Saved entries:
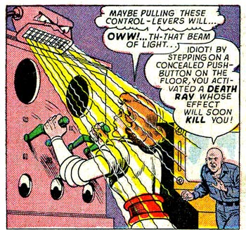 Superman with Gold Kryptonite fired from his "Astro-Cannon,"
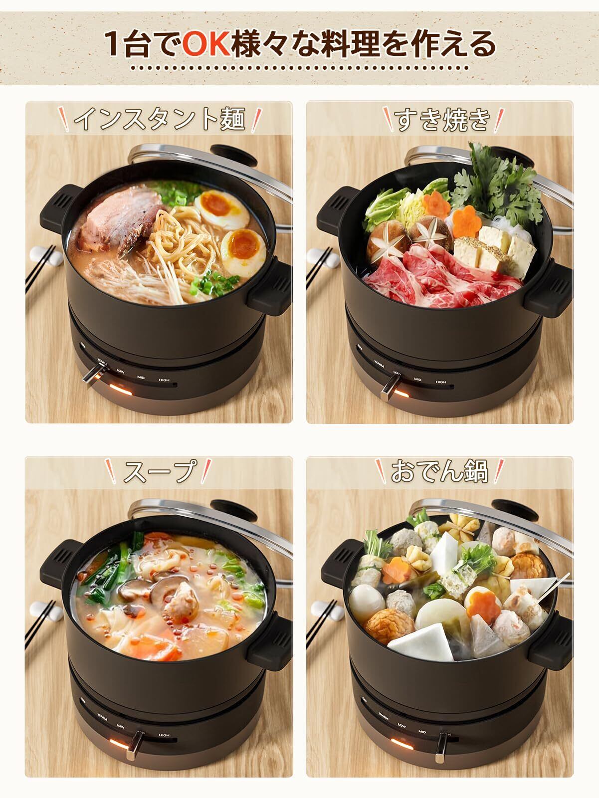 この電気鍋は、煮る・焼く・炒める・温めるができる1台4役の優れものです。自宅での一人鍋や、手軽にラーメンを作るのに最適です。シンプルなブラックカラーはどんなキッチンにもマッチし、スタイリッシュな雰囲気を演出します。
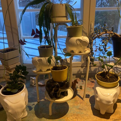Olleet kukkapurkkeina, kunto kohtalainen. Erikoiset norsuaiheiset emalimukit, oranssi ja sininen. Yhteishinta 5 euroa.
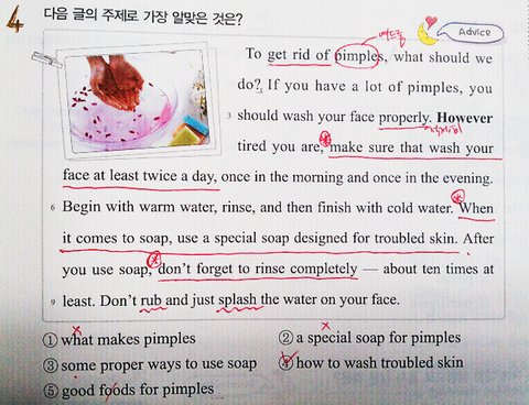 여드름을 줄이는 방법을 소개해보기 위해 다음의 문제집 지문을
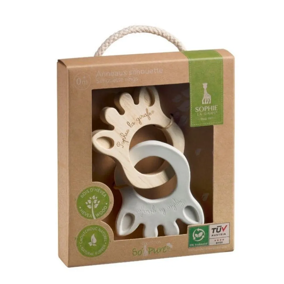 Esta Silueta Anillo está formada por dos anillos mordedores de caucho 100% natural y madera de Hevea entrelazados con la silueta de Sophie la girafe. Perfectos para que el bebé los agarre con facilidad siempre que necesite morderlos debido a los dolores provocados por la dentición. Una combinación ideal entre sostenibilidad y funcionaliadad que encanta a niños y mayores.
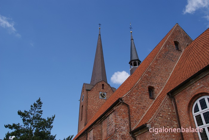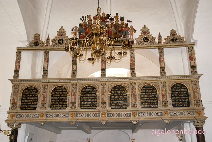 Pendant que Gabriel sort la ménagerie de la niche, j’en profite pour faire un petit tour à l’intérieur de l’église. La majorité des Danois sont de confession luthérienne. L’église est dépouillée sauf les tableaux sculptés. Le temps de prendre quelques photos et par la même occasion le frais et la visite de Sønderborg peut commencer !
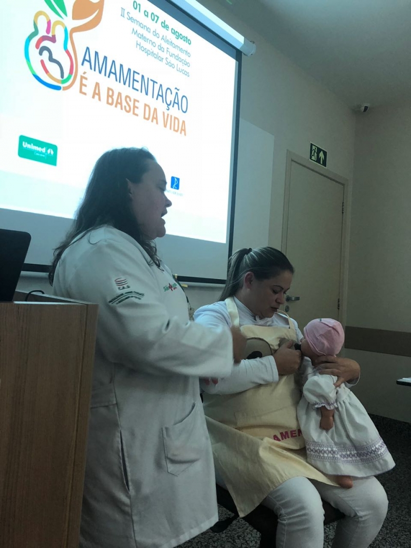 Acadêmicos, professores e profissionais da saúde participaram da II Semana do Aleitamento da Fundação Hospitalar São Lucas. O evento começou na quarta (01) e encerrou ontem (07), e foi realizado simultaneamente à Semana Mundial do Aleitamento Materno. Diferentes atividades foram executadas com informações relevantes, quebra de mitos e orientações a respeito da amamentação.
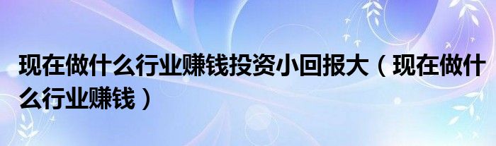 你们好,最近小时发现有诸多的小伙伴们对于现在做什么行业赚钱投资小回报大,现在做什么行业赚钱这个问题都颇为感兴趣的,今天小活为大家梳理了下,一起往下看看吧。
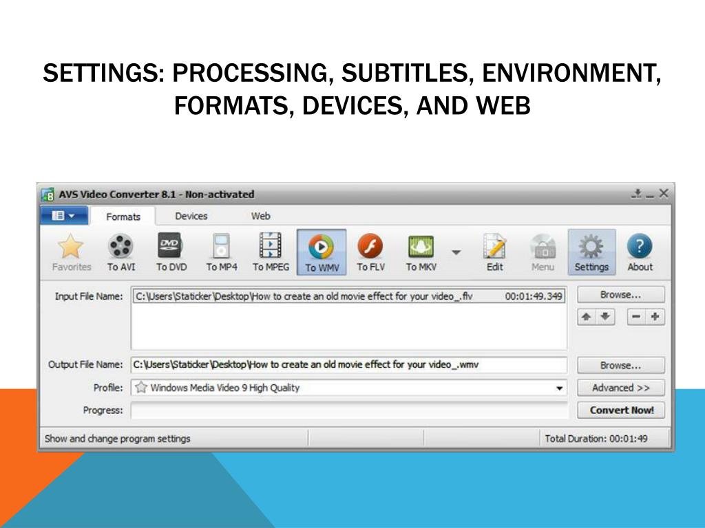 Format tab: AVI, MP4, MPEG, WMV, FLV, MKV, MOV, AND SWF, among others.

● **Work to complete**
Write out, exactly and with no pictures, the lines of the data from the first through the line containing "この電気鍋は、煮る・焼く・炒".

● **Solution**
 Superman with Gold Kryptonite fired from his "Astro-Cannon,"
 この電気鍋は、煮る・焼く・炒める・温めるができる1台4役の優れものです。自宅での一人鍋や、手軽にラーメンを作るのに最適です。シンプルなブラックカラーはどんなキッチンにもマッチし、スタイリッシュな雰囲気を演出します。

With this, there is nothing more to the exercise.